INPUT DATA:
....................

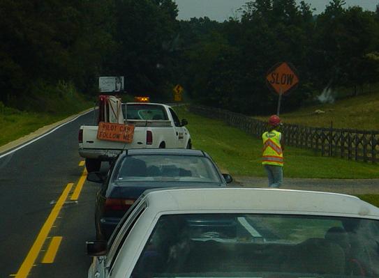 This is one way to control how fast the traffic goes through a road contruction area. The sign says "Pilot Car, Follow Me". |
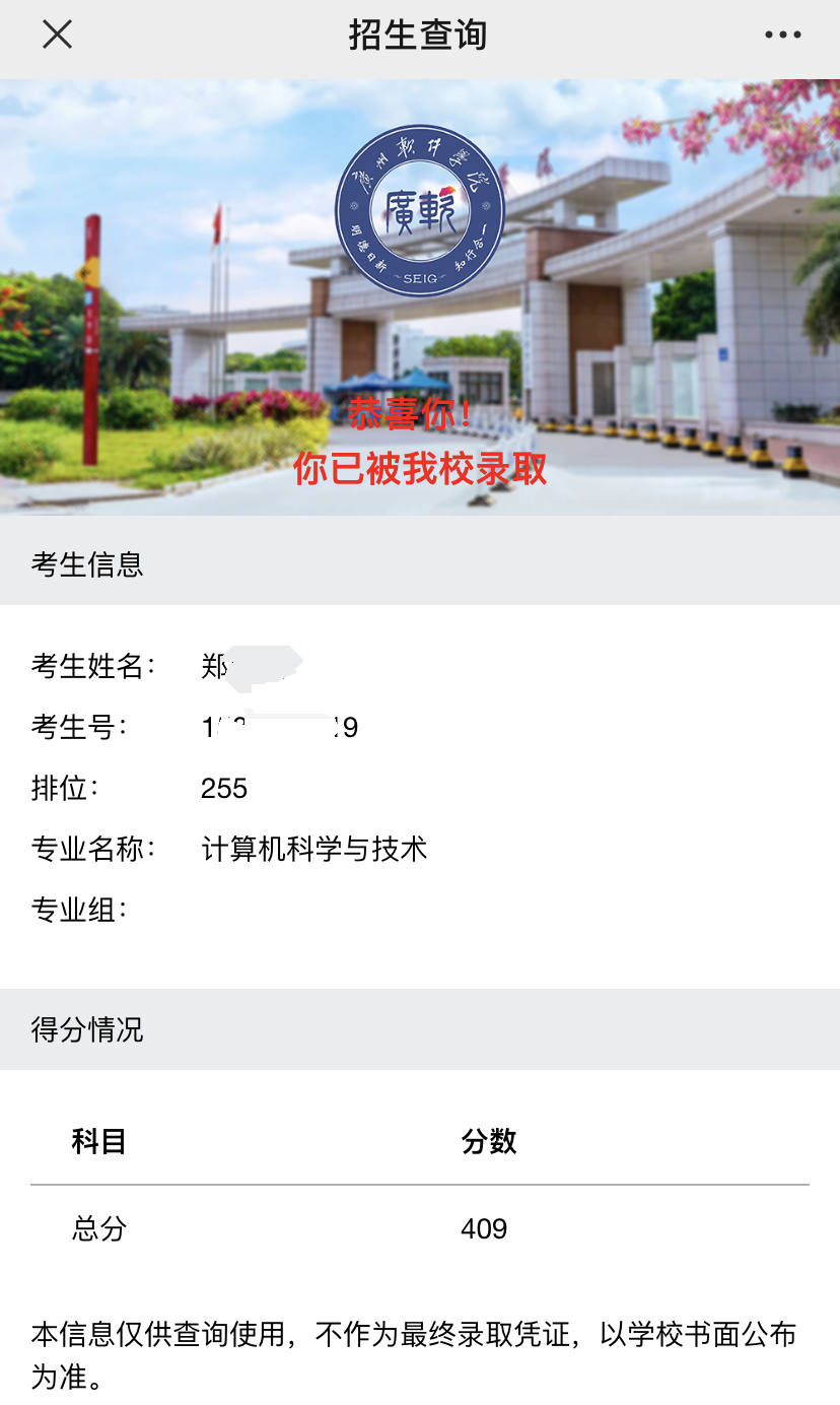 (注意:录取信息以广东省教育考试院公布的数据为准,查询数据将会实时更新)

....................

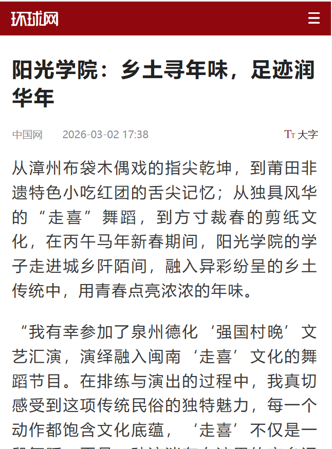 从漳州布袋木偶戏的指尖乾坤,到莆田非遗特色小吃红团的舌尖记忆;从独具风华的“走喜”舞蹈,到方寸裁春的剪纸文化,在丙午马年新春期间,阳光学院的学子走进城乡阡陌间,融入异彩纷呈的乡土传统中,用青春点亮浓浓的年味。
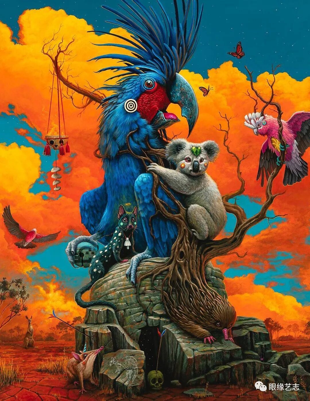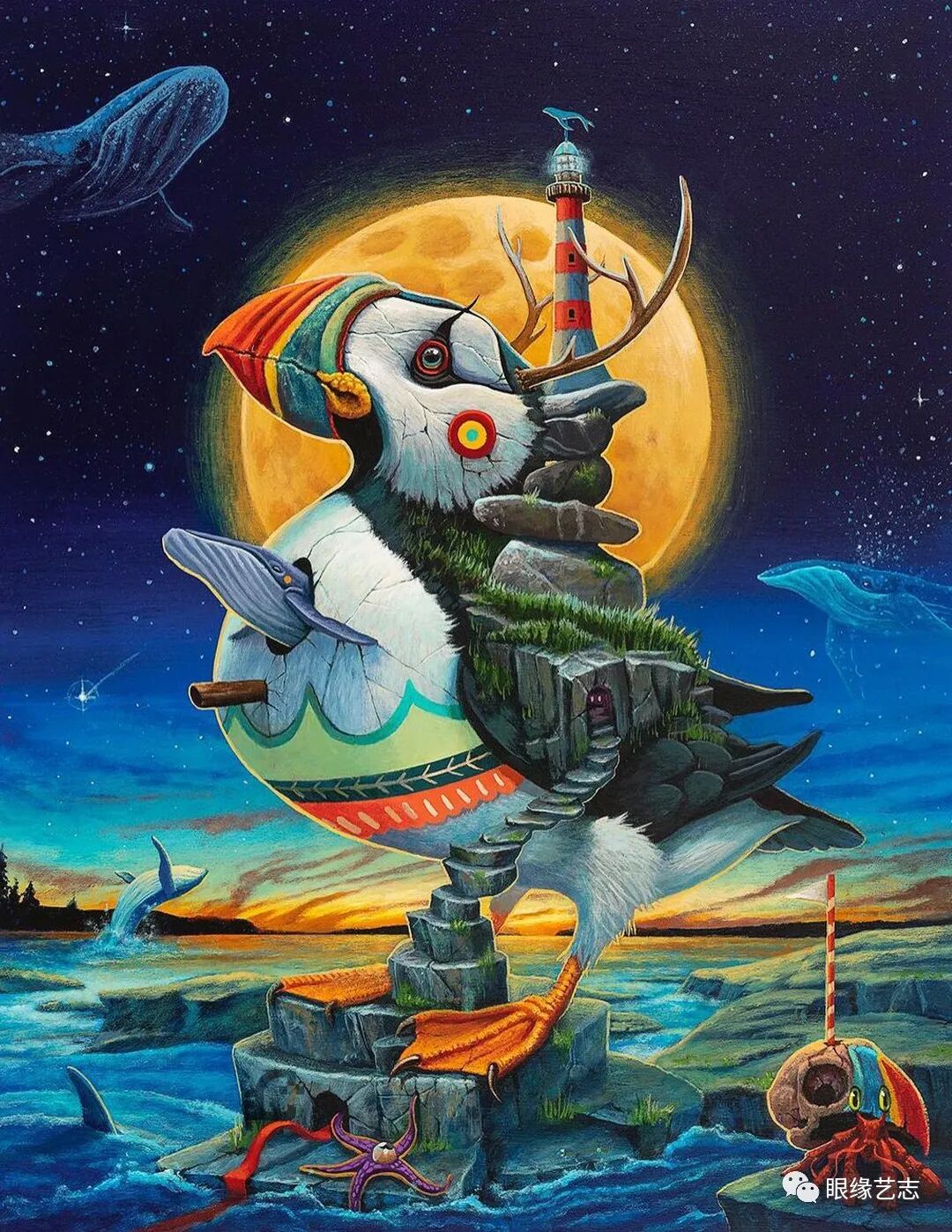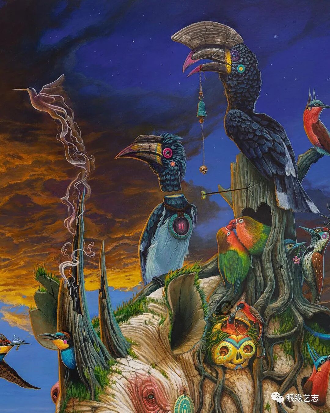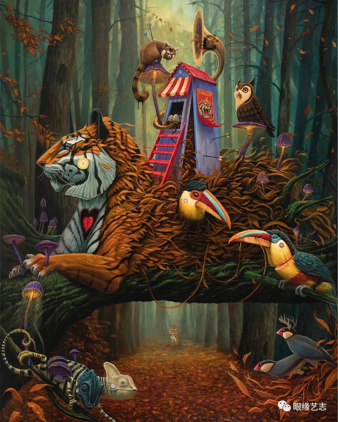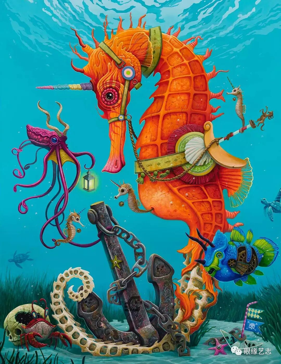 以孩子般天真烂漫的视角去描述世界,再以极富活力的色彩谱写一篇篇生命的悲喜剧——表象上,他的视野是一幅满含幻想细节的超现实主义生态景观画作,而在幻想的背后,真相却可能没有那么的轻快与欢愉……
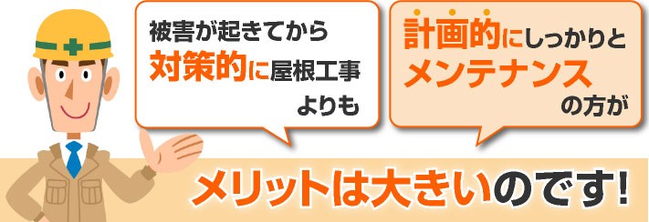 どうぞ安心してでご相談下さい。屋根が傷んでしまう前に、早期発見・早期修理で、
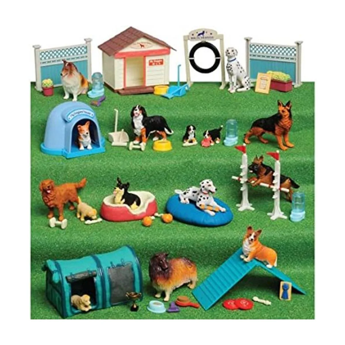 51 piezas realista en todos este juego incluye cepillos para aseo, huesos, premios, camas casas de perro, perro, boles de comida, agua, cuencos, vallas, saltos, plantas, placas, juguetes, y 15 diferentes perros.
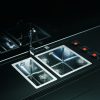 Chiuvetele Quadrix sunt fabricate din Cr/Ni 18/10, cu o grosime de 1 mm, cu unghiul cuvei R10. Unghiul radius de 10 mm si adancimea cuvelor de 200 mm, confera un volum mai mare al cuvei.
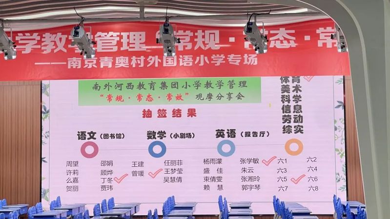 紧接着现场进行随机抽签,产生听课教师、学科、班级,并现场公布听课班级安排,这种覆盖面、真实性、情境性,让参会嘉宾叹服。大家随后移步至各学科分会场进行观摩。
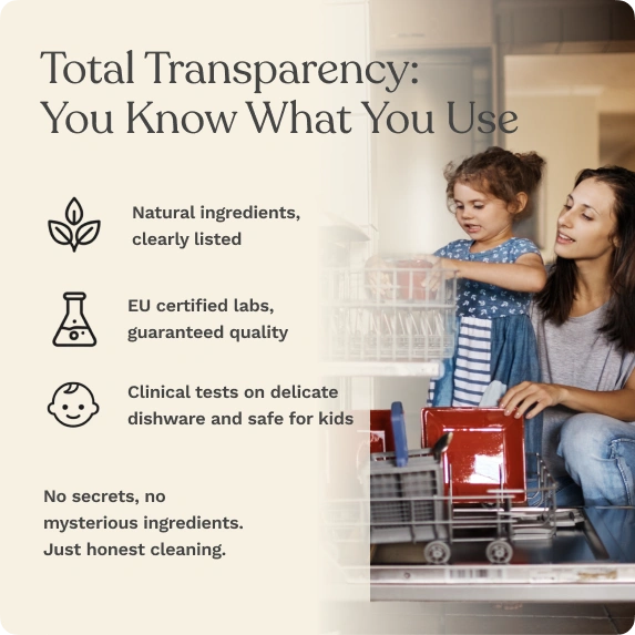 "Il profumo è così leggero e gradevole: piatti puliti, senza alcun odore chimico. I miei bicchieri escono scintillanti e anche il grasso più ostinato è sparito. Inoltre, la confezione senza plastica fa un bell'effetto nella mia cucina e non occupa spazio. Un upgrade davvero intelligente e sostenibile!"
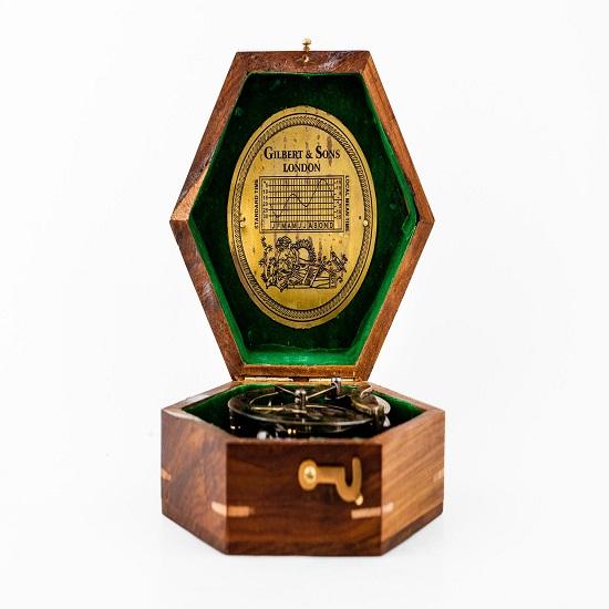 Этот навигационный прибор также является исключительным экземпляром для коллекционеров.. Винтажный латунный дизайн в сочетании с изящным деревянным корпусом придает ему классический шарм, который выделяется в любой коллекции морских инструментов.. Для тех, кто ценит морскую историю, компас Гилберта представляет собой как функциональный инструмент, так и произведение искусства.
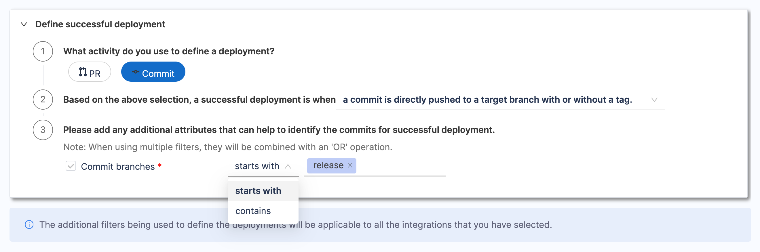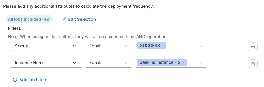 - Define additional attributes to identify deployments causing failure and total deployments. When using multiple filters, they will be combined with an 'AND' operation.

....................

Using the listing above, reproduce word for word every line from the one containing "This is one" through the one containing "(注意:录取信息以广东省教育考试院公布的数据为准,查询数据将会实时更新)". Pictures must be left out.

 This is one way to control how fast the traffic goes through a road contruction area. The sign says "Pilot Car, Follow Me". |
 (注意:录取信息以广东省教育考试院公布的数据为准,查询数据将会实时更新)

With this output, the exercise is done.